Ein anderes Weib befand sich in einer anderen Nische, mit ausgestreckten oder vielmehr auseinander gezerrten Beinen, während ihr Hals und ihre Arme in eisernen Ringen steckten ... Ihre Augenlider, ihre Nasenlöcher, ihre Lippen und Geschlechtstheile waren mit rothem Pfeffer eingerieben und zwei Stifte zerquetschten ihr die Spitzen der Brüste ... Weiterhin war ein junger Mann an einem Strick unter den Achselhöhlen aufgehängt; ein großer Steinblock hing ihm an den Schultern, so daß man das Krachen der Gelenke hörte ... Ein Anderer wurde mit zurückgelehntem Oberkörper durch einen Eisendraht im Gleichgewicht gehalten, der den Hals mit den Knöcheln verband, spitze, schneidende Steine waren ihm zwischen die Kniekehlen gesteckt ... Die Nischen in den Stämmen wurden leer. Von Zeit zu Zeit sah man nur noch einen Gefesselten, einen Gekreuzigten, einen Gehängten mit geschlossenen Augen, der zu schlafen schien und vielleicht bereits todt war. Clara sagte und erklärte nichts mehr ... Sie lauschte dem schweren Fluge der Geier, welche oberhalb der kahlen Äste flatterten und dem noch höheren Krähen der Raben, die in unzähligen Schwärmen über den Himmel zogen ...

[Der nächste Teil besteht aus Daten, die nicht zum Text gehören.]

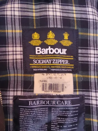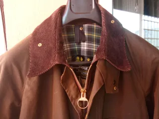 Giacca Barbour in stile vintage, mai usata. Un capo classico e intramontabile. - Tessuto cerato resistente. - Fodera interna a quadri. - Colletto in velluto a coste. - Chiusura con zip dorata.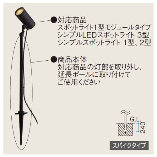 「延長ポール」は、対応商品の灯部を取り外し延長ポールに取り付けることで高さをつけ、使用することができます。

Die traurige Tamarindenallee endete auf einer weiten, mit Mohnblumen bepflanzten Terrasse, von wo wir zum Becken herabstiegen ...

Schwertlilien erhoben ihre langen Stengel, die außergewöhnliche Blumen trugen, mit bunten Blüthenblättern gleich alten Sandsteinvasen, kostbar emaillirte Veilchenblüthen mit Bluttupfen, finstere purpurfarbene, blau mit Orangenocker geflammte, schwarzsammtene mit Schwefelkelchen ausgestattete Schwertlilien ... Einige riesig und verzerrt gleich kabalistischen Schriftzeichen ... Die Wasserrosen und Lotusblumen breiteten auf dem Wasser ihre großen erschlossenen Blumen aus, die mir wie abgehauene schwimmende Häupter vorkamen ... Wir beugten uns einige Minuten lang über das Geländer der Brücke hinab und betrachteten schweigend das Wasser. Ein riesiger Goldkarpfen, von dem man nur den glänzenden Kopf sah, schlief unter einem Blatte und Fischchen glitten zwischen dem Tang und den Wurzeln, gleich den rothen Gedanken im Hirne eines Weibes, hin und her.